#### Records shown:
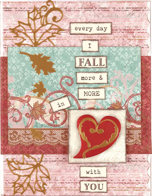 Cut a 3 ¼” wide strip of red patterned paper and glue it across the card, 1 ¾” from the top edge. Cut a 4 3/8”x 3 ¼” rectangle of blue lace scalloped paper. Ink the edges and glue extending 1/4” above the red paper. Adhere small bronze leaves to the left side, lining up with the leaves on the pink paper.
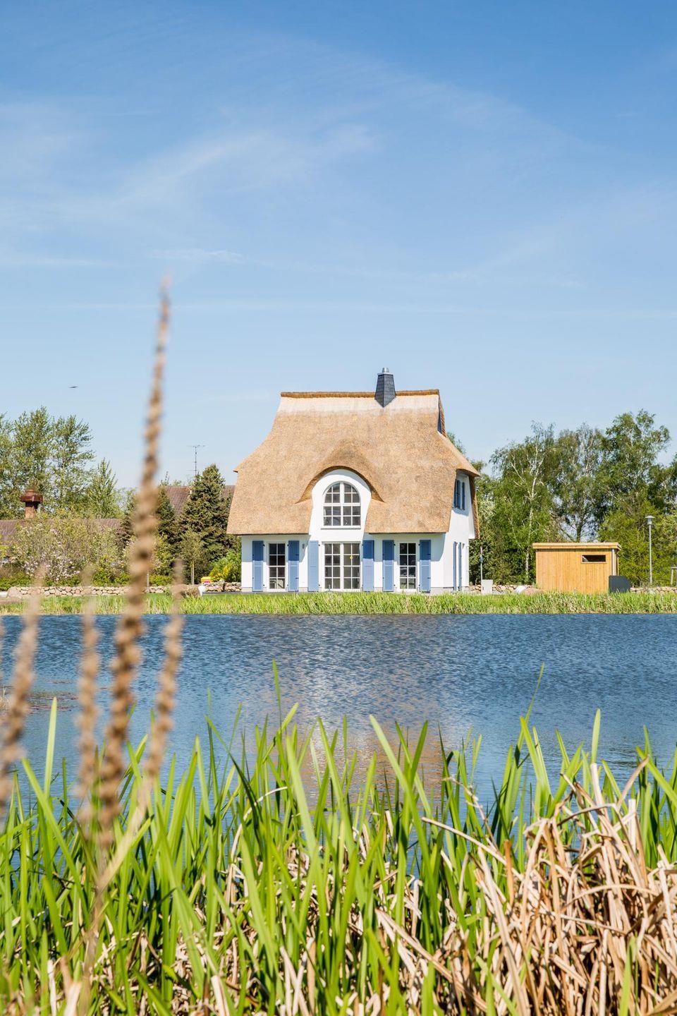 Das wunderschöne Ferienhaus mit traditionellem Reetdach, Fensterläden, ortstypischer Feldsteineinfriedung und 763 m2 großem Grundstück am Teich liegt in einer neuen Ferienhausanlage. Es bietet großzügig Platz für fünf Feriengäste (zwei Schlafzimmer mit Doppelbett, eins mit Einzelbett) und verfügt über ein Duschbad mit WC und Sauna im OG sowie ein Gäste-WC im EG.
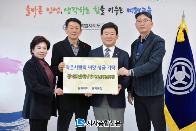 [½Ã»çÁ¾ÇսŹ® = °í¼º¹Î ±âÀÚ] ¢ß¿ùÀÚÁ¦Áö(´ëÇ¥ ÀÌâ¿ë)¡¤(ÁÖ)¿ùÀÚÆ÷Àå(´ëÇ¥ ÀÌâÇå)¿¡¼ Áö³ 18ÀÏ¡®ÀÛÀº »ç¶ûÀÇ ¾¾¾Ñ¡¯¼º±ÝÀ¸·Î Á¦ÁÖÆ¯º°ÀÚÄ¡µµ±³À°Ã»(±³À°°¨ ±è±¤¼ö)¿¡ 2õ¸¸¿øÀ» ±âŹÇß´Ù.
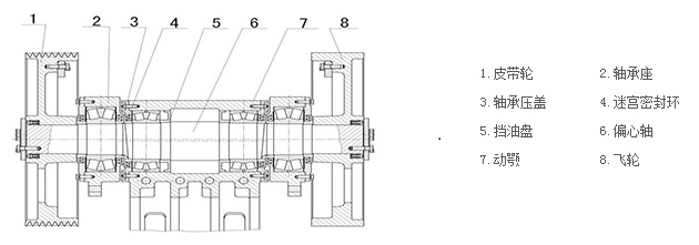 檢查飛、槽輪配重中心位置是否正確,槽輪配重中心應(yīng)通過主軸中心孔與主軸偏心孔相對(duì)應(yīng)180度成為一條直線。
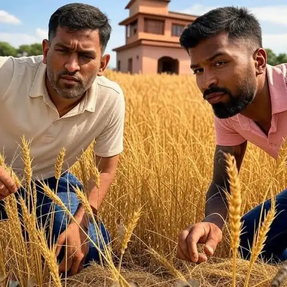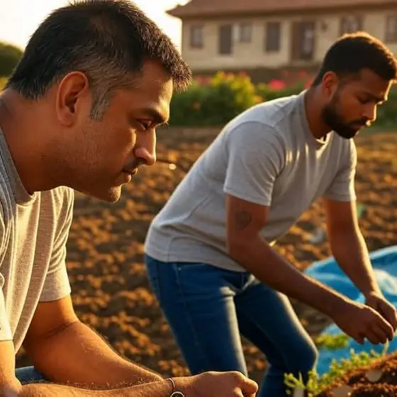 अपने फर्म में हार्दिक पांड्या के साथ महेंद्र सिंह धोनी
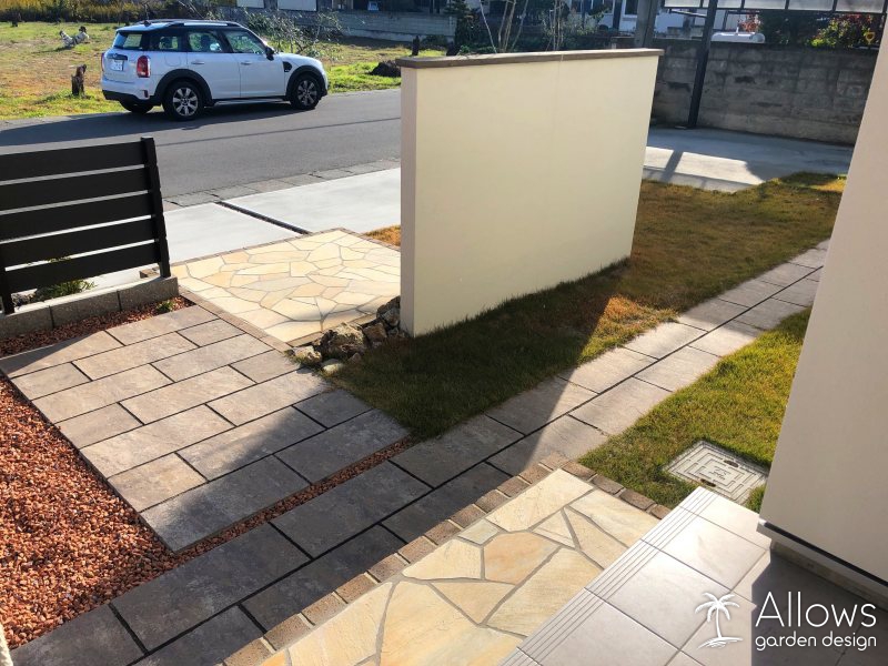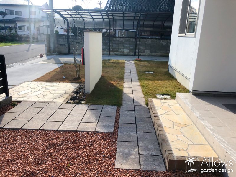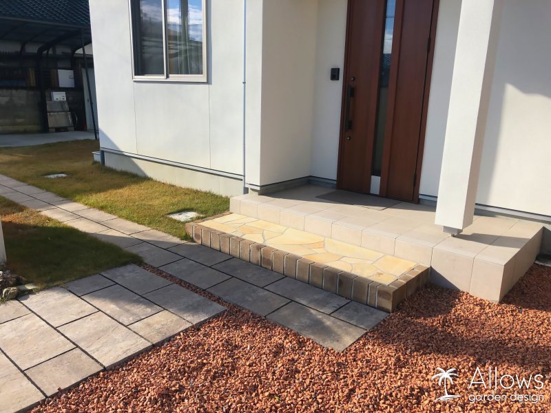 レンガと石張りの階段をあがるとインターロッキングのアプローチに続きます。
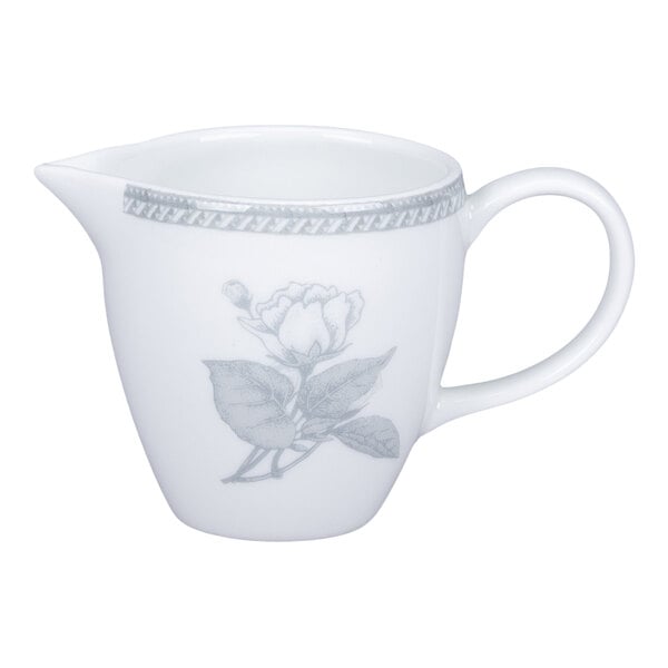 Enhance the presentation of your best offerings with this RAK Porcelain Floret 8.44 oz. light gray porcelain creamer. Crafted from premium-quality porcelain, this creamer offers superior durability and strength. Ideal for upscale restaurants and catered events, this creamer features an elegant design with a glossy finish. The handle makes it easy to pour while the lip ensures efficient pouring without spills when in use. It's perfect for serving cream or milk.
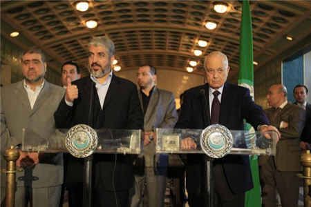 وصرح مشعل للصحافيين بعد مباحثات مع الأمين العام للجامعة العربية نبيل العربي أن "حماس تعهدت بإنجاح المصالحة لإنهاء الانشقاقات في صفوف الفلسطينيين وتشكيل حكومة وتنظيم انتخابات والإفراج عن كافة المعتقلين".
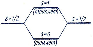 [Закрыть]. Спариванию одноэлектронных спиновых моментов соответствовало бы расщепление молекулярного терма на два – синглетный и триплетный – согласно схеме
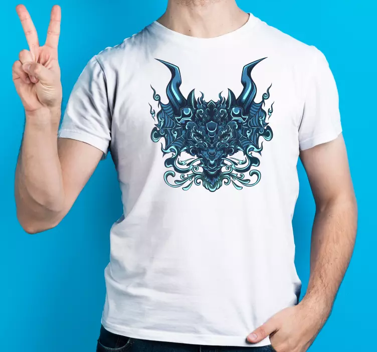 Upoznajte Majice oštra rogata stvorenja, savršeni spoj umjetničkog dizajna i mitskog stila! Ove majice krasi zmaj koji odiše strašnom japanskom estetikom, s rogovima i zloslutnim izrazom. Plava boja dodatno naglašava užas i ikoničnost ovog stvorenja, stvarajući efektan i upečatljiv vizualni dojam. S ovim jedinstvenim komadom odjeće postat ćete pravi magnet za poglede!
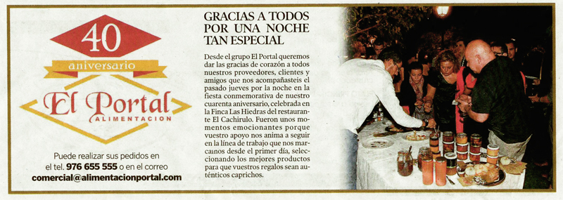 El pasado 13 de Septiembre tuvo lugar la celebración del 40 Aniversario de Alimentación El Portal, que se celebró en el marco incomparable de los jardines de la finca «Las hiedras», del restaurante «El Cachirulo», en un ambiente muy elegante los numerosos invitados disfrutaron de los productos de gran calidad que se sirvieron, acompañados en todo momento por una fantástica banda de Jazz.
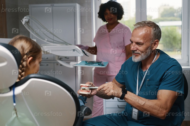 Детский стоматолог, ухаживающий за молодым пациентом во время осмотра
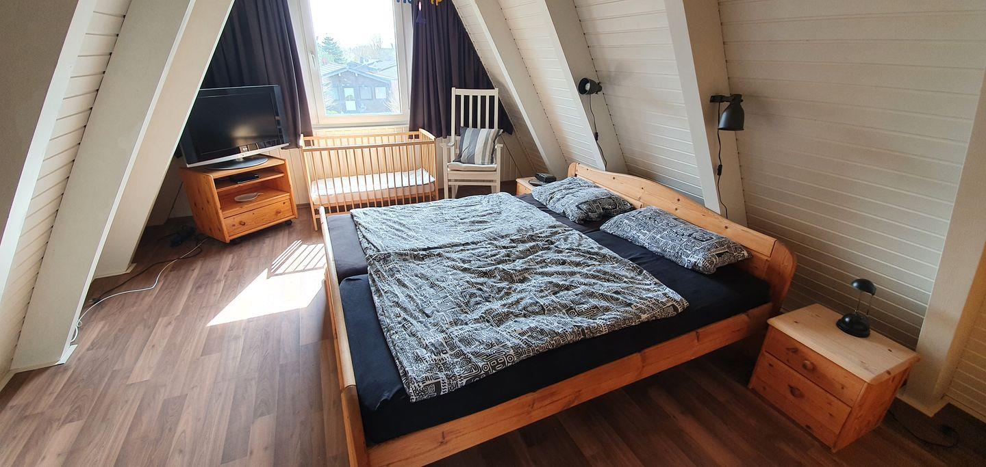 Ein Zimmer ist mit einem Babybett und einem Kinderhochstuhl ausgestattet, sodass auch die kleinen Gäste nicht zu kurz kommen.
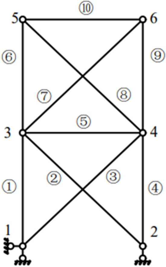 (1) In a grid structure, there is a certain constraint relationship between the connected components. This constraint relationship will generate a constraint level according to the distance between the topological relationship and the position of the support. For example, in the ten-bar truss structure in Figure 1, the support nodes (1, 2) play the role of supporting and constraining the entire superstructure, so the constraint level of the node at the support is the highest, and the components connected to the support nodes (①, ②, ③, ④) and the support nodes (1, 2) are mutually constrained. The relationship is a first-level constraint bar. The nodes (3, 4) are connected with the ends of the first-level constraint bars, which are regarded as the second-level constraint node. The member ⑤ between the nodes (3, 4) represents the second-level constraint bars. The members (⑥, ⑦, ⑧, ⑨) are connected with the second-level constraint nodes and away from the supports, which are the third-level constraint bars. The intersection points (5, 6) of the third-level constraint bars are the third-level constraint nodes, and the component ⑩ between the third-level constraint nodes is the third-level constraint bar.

#### What to produce:
Without the pictures, set down the lines above from the line with "檢查飛、槽輪配重中心位置是否" up to and including the line with "レンガと石張りの階段をあがるとインターロッキングのアプローチに続きます。" exactly as they stand.

#### Response to the task:
 檢查飛、槽輪配重中心位置是否正確,槽輪配重中心應(yīng)通過主軸中心孔與主軸偏心孔相對(duì)應(yīng)180度成為一條直線。
 अपने फर्म में हार्दिक पांड्या के साथ महेंद्र सिंह धोनी
 レンガと石張りの階段をあがるとインターロッキングのアプローチに続きます。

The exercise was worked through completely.